* Goal of the exercise *
Leave out the pictures and set down the rest of the listing below word for word.

++++ Dataset content

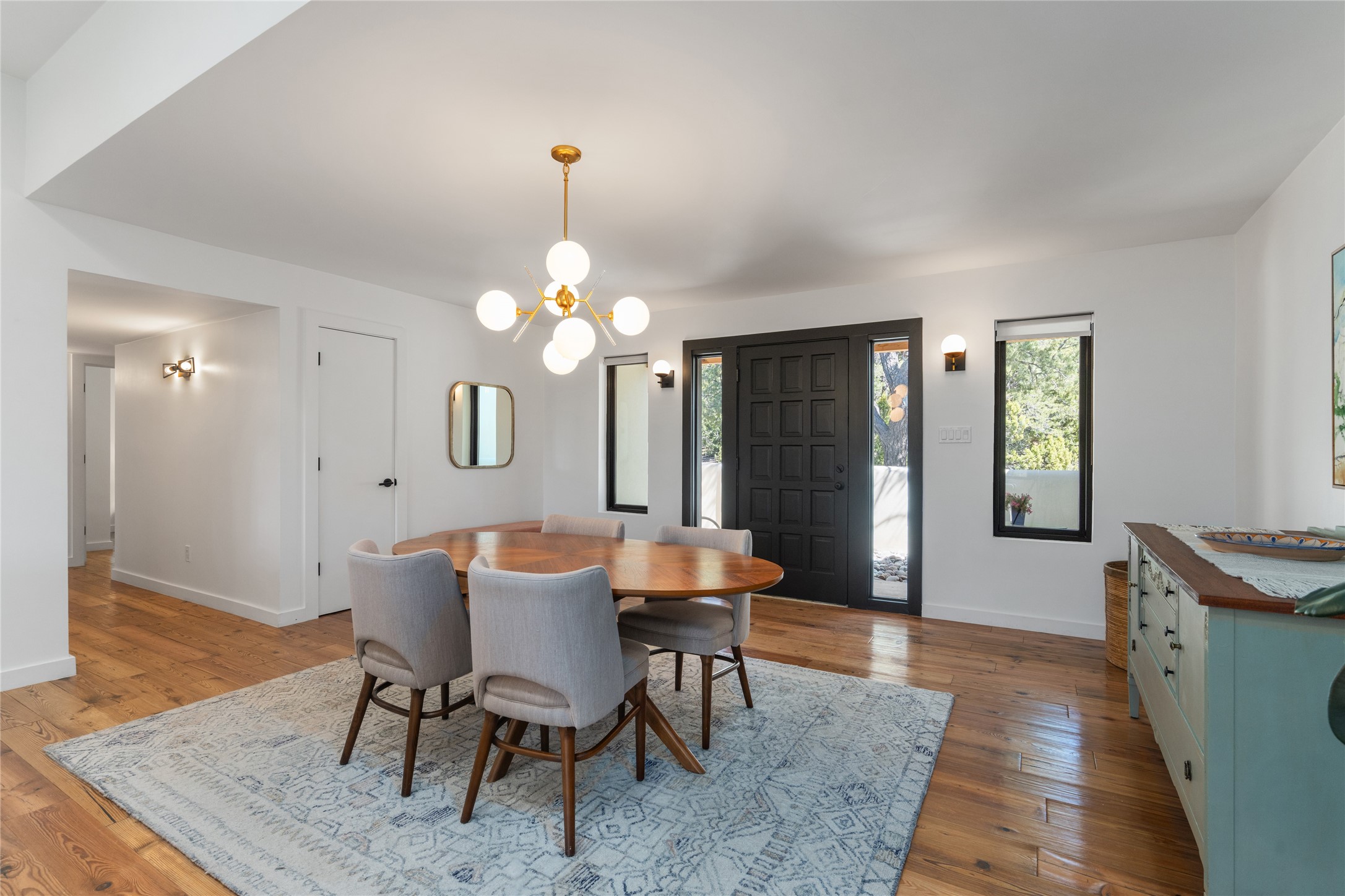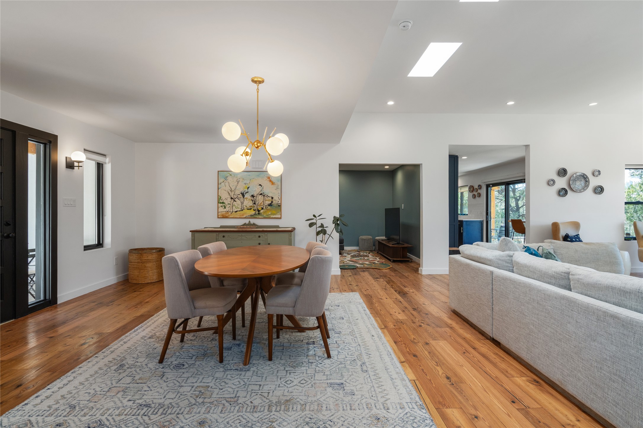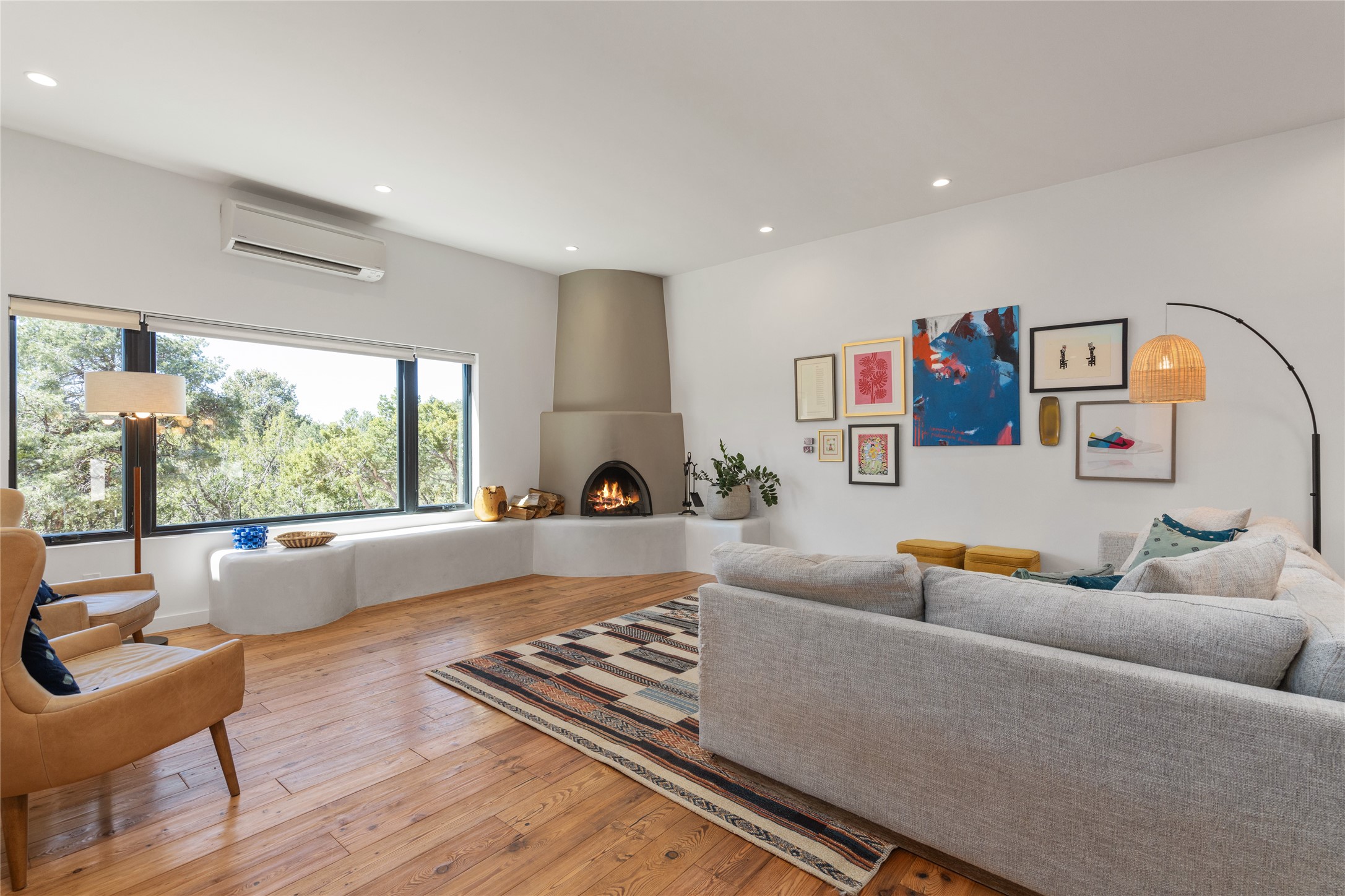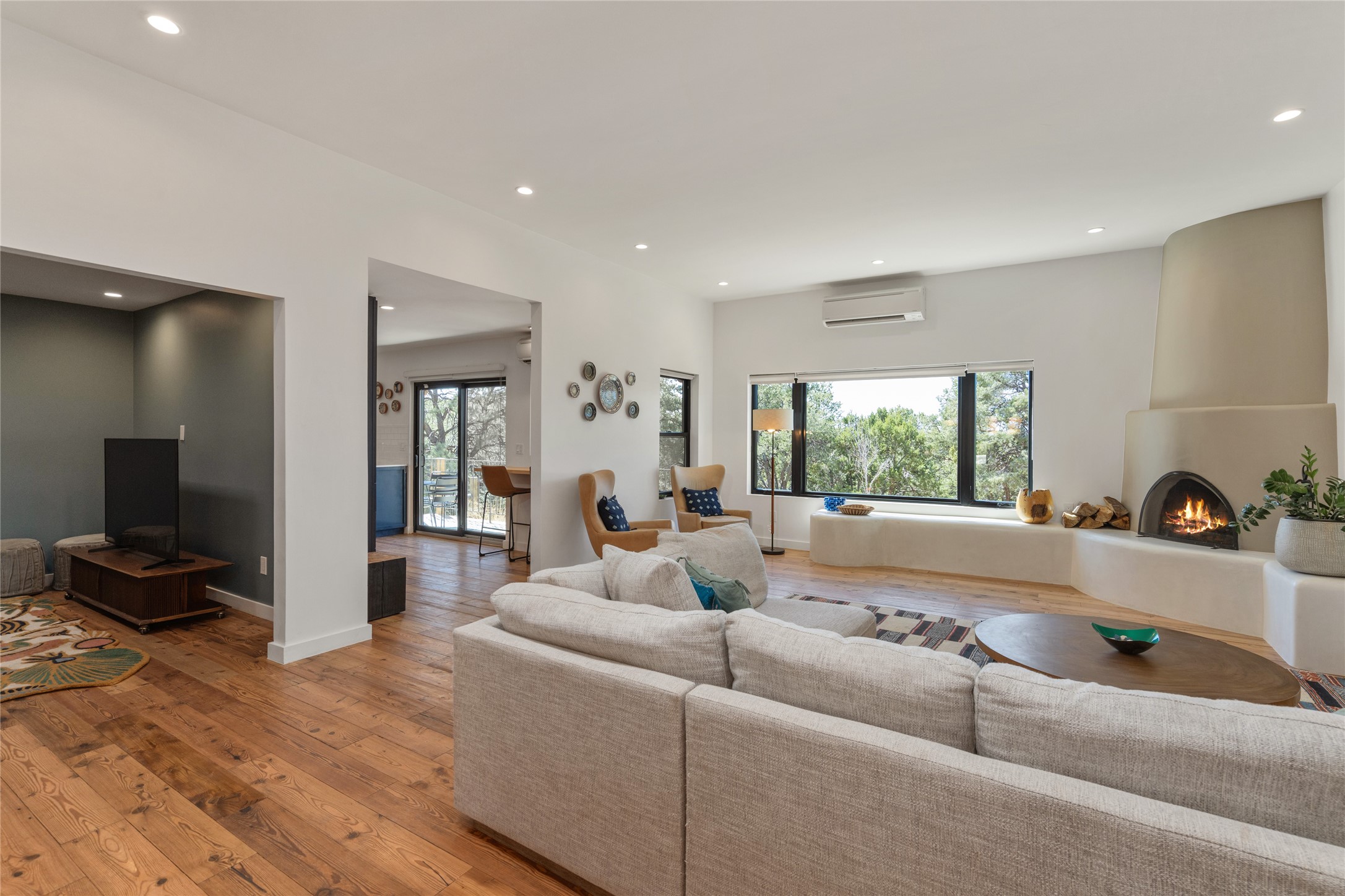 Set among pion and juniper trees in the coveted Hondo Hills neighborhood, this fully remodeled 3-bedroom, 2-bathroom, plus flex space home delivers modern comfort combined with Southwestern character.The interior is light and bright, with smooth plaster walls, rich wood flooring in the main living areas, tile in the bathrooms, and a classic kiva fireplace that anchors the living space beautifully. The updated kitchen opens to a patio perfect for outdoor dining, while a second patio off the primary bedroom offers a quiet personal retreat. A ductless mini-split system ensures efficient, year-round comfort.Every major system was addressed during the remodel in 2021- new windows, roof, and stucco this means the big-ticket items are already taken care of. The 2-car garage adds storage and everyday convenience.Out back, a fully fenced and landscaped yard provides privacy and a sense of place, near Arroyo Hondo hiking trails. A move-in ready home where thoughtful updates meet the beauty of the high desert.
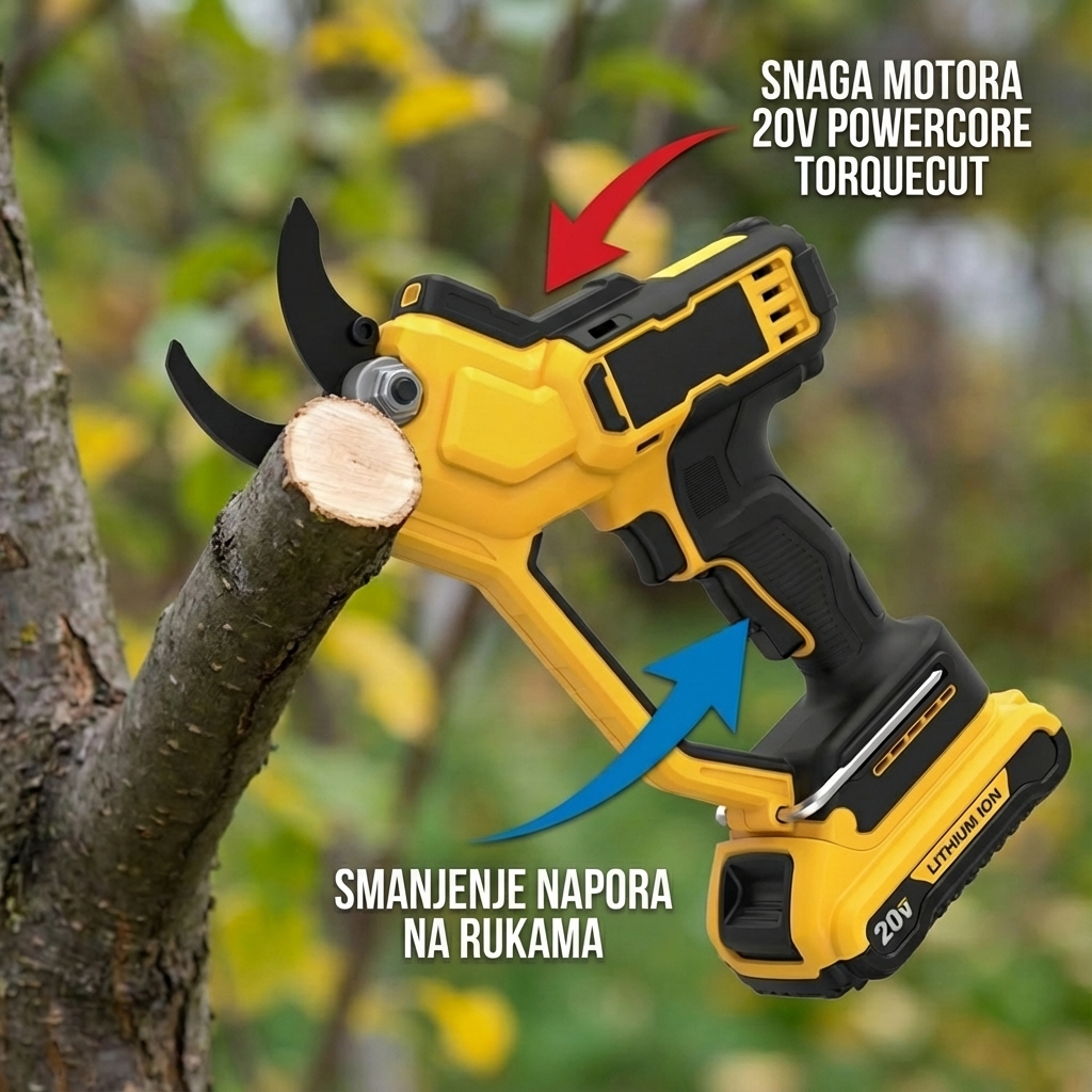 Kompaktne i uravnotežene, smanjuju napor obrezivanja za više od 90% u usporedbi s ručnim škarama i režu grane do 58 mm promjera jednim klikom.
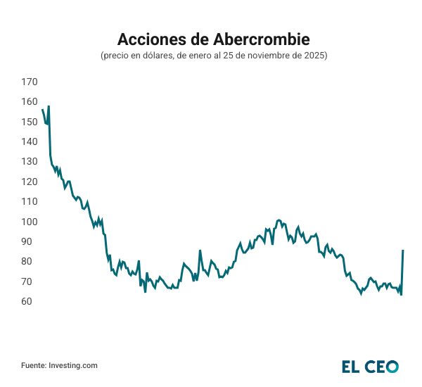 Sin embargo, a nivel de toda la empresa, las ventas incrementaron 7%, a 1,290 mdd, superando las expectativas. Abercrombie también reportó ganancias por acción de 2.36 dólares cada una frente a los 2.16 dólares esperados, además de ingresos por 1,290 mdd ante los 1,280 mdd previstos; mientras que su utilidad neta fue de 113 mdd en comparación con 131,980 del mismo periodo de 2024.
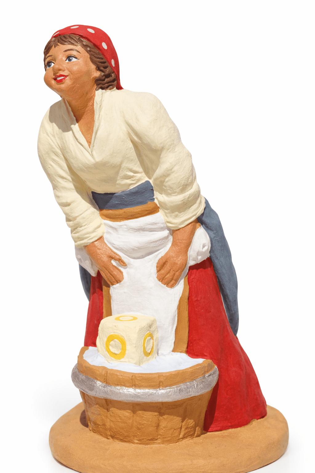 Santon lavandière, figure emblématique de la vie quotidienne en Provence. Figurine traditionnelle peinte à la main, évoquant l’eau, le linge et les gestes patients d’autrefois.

++++++++

* Answer space *
 Set among pion and juniper trees in the coveted Hondo Hills neighborhood, this fully remodeled 3-bedroom, 2-bathroom, plus flex space home delivers modern comfort combined with Southwestern character.The interior is light and bright, with smooth plaster walls, rich wood flooring in the main living areas, tile in the bathrooms, and a classic kiva fireplace that anchors the living space beautifully. The updated kitchen opens to a patio perfect for outdoor dining, while a second patio off the primary bedroom offers a quiet personal retreat. A ductless mini-split system ensures efficient, year-round comfort.Every major system was addressed during the remodel in 2021- new windows, roof, and stucco this means the big-ticket items are already taken care of. The 2-car garage adds storage and everyday convenience.Out back, a fully fenced and landscaped yard provides privacy and a sense of place, near Arroyo Hondo hiking trails. A move-in ready home where thoughtful updates meet the beauty of the high desert.
 Kompaktne i uravnotežene, smanjuju napor obrezivanja za više od 90% u usporedbi s ručnim škarama i režu grane do 58 mm promjera jednim klikom.
 Sin embargo, a nivel de toda la empresa, las ventas incrementaron 7%, a 1,290 mdd, superando las expectativas. Abercrombie también reportó ganancias por acción de 2.36 dólares cada una frente a los 2.16 dólares esperados, además de ingresos por 1,290 mdd ante los 1,280 mdd previstos; mientras que su utilidad neta fue de 113 mdd en comparación con 131,980 del mismo periodo de 2024.
 Santon lavandière, figure emblématique de la vie quotidienne en Provence. Figurine traditionnelle peinte à la main, évoquant l’eau, le linge et les gestes patients d’autrefois.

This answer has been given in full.